◆ **Problem**: The lines to extract run from the first line of the material below to the line containing "(서울=포커스뉴스) 21일 오후", both included; leave the pictures behind.

◆ **Extracted data**:
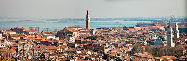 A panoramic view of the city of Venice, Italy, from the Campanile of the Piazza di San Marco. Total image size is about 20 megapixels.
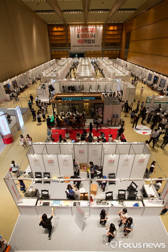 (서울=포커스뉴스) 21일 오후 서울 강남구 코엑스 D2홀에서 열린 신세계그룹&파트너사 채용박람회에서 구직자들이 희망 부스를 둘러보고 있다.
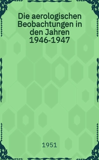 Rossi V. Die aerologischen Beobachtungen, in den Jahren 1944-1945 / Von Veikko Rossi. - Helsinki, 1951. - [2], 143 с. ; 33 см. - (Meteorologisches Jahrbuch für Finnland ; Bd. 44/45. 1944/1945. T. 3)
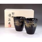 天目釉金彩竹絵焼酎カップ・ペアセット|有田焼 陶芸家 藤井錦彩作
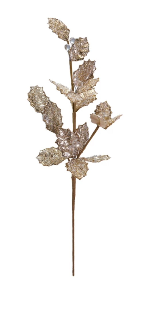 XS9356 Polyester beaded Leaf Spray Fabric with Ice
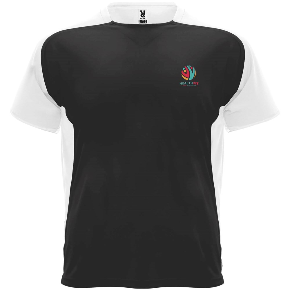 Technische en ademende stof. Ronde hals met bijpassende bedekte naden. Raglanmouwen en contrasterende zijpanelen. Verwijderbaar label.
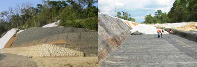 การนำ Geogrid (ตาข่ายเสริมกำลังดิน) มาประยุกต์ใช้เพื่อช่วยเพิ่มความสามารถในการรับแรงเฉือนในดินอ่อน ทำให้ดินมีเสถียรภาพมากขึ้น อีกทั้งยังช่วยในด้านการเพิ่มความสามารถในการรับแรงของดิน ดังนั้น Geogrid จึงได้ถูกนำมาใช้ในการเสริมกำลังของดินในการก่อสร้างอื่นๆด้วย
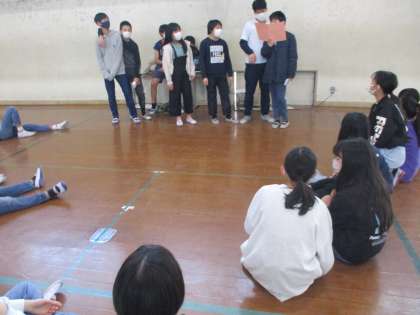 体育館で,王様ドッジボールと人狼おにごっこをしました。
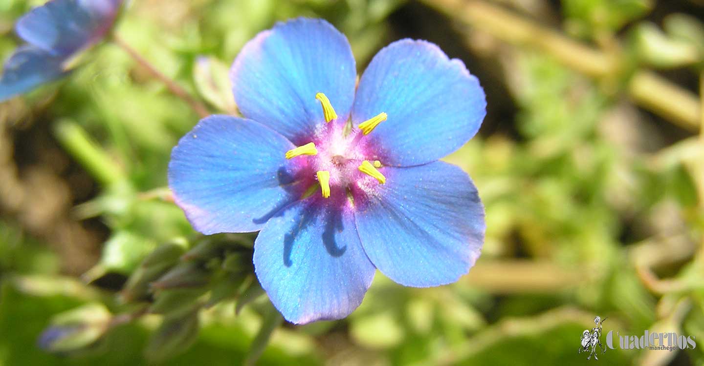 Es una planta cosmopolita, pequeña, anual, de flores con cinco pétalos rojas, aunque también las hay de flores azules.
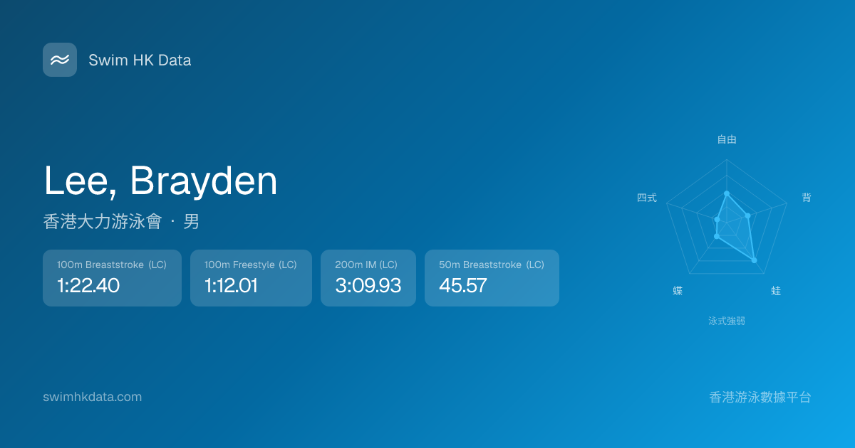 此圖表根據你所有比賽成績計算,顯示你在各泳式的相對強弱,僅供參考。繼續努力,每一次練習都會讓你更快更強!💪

◆ **Task answer**:
 A panoramic view of the city of Venice, Italy, from the Campanile of the Piazza di San Marco. Total image size is about 20 megapixels.
 (서울=포커스뉴스) 21일 오후 서울 강남구 코엑스 D2홀에서 열린 신세계그룹&파트너사 채용박람회에서 구직자들이 희망 부스를 둘러보고 있다.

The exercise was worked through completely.